=== Supplied entries ===

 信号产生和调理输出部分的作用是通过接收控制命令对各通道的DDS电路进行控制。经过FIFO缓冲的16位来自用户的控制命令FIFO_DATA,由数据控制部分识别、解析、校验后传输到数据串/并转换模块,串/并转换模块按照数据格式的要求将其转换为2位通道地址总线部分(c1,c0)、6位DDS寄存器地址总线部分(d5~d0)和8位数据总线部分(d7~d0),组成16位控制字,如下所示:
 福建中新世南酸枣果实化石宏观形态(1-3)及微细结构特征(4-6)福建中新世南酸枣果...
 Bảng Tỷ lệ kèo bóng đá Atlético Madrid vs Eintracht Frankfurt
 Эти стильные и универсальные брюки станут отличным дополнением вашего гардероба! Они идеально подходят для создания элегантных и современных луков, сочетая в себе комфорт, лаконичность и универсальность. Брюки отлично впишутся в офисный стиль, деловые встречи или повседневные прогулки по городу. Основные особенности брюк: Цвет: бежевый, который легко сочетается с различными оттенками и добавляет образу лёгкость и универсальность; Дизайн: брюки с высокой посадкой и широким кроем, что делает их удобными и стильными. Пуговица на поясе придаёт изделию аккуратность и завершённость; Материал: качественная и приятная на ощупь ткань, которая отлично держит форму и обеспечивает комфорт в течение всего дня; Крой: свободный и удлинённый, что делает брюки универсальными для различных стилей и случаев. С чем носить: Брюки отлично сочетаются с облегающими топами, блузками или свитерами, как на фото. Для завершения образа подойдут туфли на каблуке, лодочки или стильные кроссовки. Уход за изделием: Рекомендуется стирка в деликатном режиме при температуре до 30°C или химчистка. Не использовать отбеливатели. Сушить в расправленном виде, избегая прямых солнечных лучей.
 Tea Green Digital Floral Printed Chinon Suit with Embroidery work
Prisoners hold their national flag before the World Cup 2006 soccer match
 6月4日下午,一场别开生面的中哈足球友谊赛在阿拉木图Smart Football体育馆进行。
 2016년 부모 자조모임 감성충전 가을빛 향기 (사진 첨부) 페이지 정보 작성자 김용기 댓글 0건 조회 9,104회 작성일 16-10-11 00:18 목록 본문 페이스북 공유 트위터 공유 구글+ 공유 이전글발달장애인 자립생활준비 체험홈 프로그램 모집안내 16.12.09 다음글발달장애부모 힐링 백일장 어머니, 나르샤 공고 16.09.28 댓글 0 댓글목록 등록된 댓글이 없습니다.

===
=== Supplied entries ===

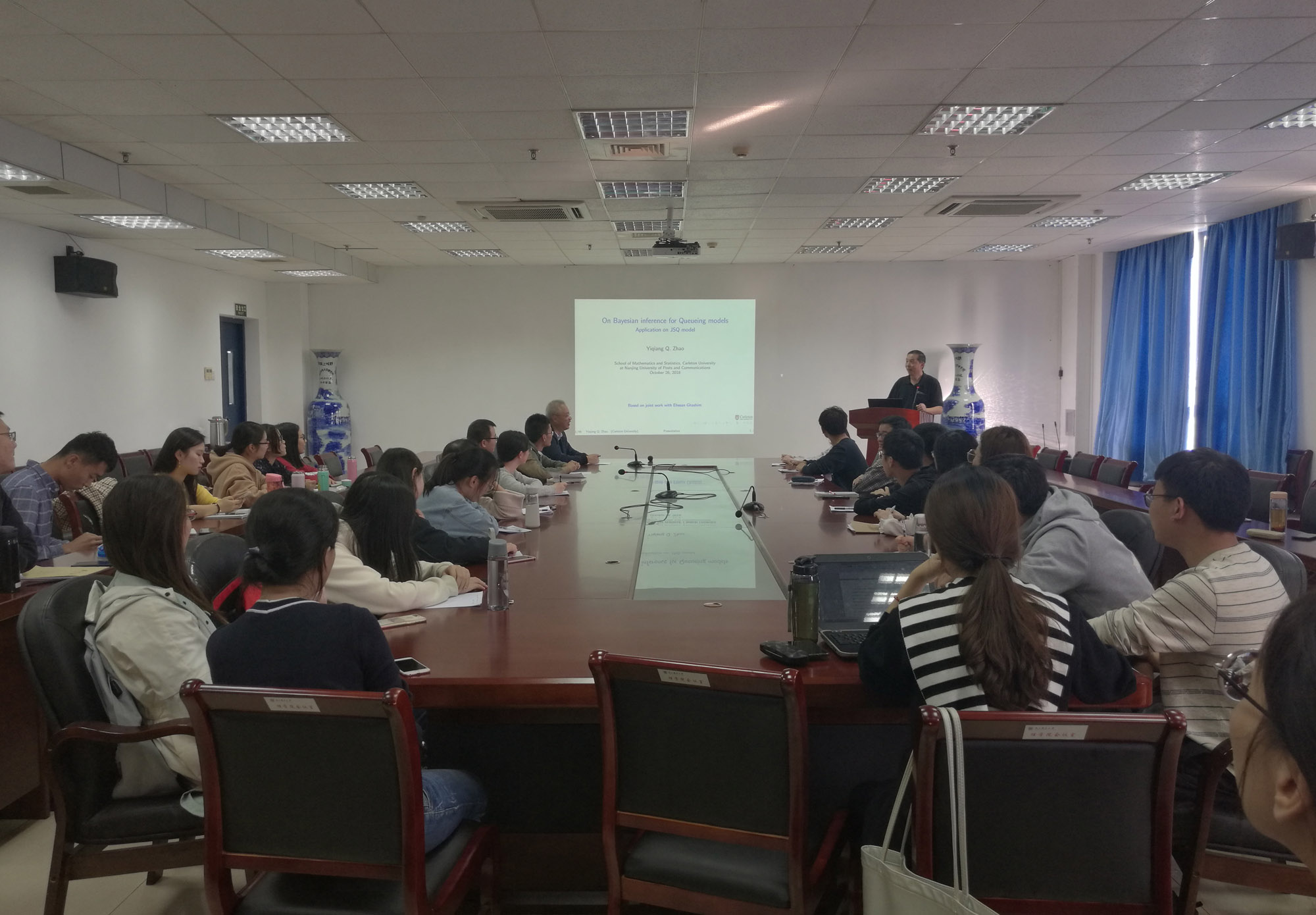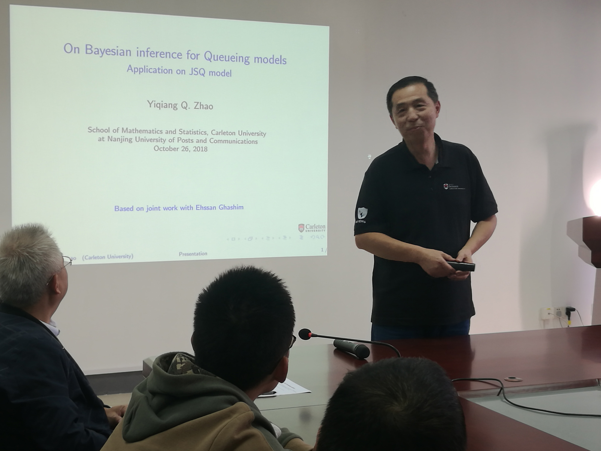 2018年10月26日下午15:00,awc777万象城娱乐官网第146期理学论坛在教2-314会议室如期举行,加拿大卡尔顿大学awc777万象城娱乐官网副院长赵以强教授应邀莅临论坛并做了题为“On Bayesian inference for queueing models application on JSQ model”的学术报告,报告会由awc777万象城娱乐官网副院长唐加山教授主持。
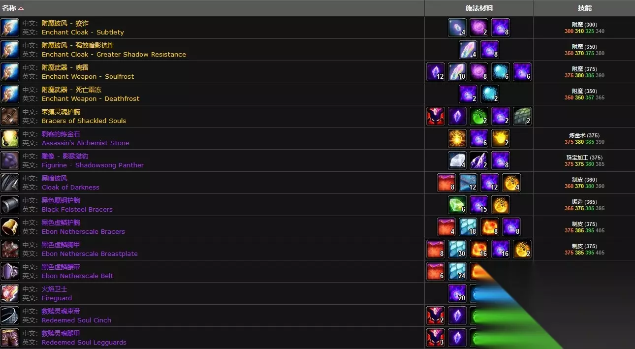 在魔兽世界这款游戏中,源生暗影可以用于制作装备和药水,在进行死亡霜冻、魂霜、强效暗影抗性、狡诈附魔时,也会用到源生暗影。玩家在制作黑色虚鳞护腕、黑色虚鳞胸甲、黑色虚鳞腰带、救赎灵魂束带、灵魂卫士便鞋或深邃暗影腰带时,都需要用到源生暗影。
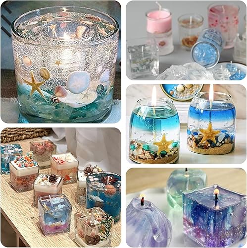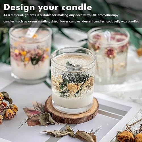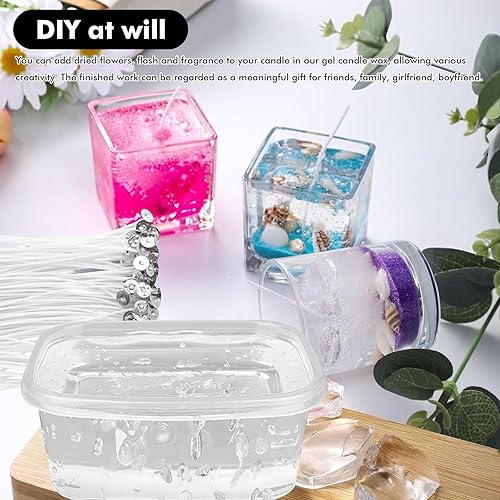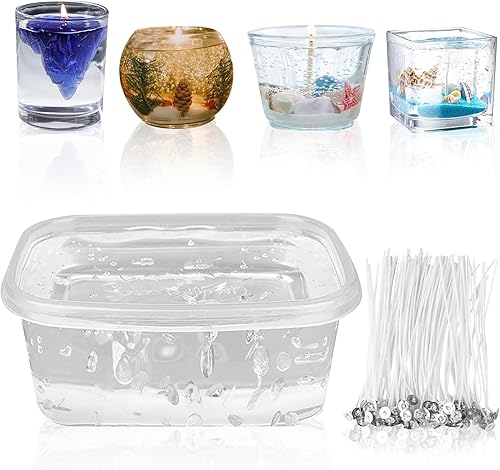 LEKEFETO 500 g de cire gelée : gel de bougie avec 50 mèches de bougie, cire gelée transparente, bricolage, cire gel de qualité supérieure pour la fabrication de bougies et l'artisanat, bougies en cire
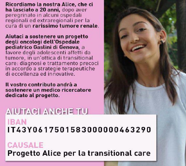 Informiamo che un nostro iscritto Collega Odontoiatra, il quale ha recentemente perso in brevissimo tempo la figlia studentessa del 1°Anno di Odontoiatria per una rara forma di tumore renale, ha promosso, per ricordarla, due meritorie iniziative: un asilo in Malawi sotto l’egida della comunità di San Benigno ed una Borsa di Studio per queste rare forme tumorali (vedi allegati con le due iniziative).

===
=== Supplied entries ===

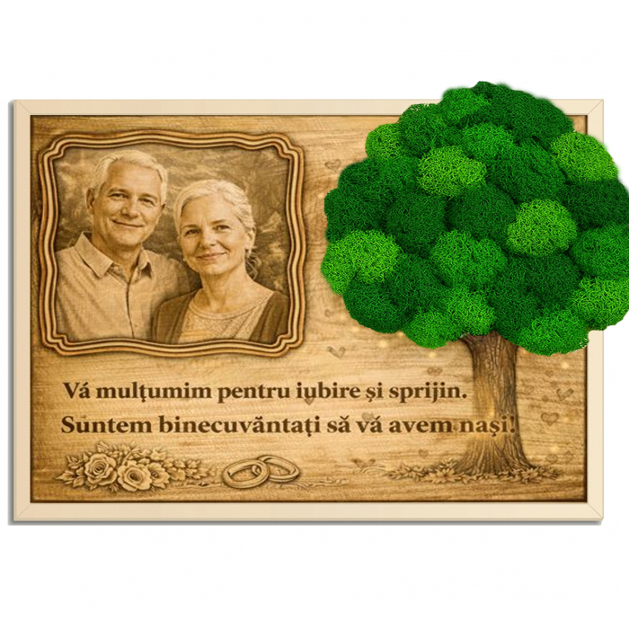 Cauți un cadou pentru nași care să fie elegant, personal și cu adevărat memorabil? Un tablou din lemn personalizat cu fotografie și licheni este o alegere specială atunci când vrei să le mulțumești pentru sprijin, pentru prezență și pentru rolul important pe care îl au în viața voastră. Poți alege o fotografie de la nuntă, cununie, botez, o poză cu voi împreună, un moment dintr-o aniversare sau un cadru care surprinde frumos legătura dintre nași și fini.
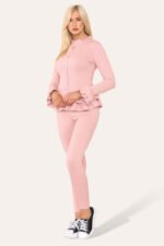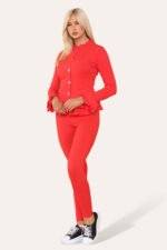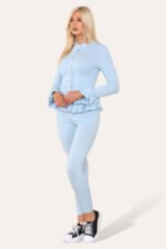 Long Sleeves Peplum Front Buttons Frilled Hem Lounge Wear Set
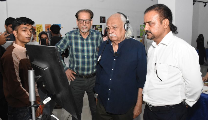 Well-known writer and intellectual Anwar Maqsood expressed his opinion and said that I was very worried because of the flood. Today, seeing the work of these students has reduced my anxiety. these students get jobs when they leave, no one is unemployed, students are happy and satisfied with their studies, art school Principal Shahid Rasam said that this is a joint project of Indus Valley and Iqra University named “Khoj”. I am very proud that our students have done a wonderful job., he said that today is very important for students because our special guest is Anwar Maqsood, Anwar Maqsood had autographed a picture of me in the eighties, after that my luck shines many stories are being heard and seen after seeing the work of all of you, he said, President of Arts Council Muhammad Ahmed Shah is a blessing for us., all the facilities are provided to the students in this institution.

===

The problem: Range to copy from the records above: the line containing "在魔兽世界这款游戏中,源生暗" to the line containing "LEKEFETO 500 g", both included. Output those lines exactly and only those, skipping pictures.

Solution:
 在魔兽世界这款游戏中,源生暗影可以用于制作装备和药水,在进行死亡霜冻、魂霜、强效暗影抗性、狡诈附魔时,也会用到源生暗影。玩家在制作黑色虚鳞护腕、黑色虚鳞胸甲、黑色虚鳞腰带、救赎灵魂束带、灵魂卫士便鞋或深邃暗影腰带时,都需要用到源生暗影。
 LEKEFETO 500 g de cire gelée : gel de bougie avec 50 mèches de bougie, cire gelée transparente, bricolage, cire gel de qualité supérieure pour la fabrication de bougies et l'artisanat, bougies en cire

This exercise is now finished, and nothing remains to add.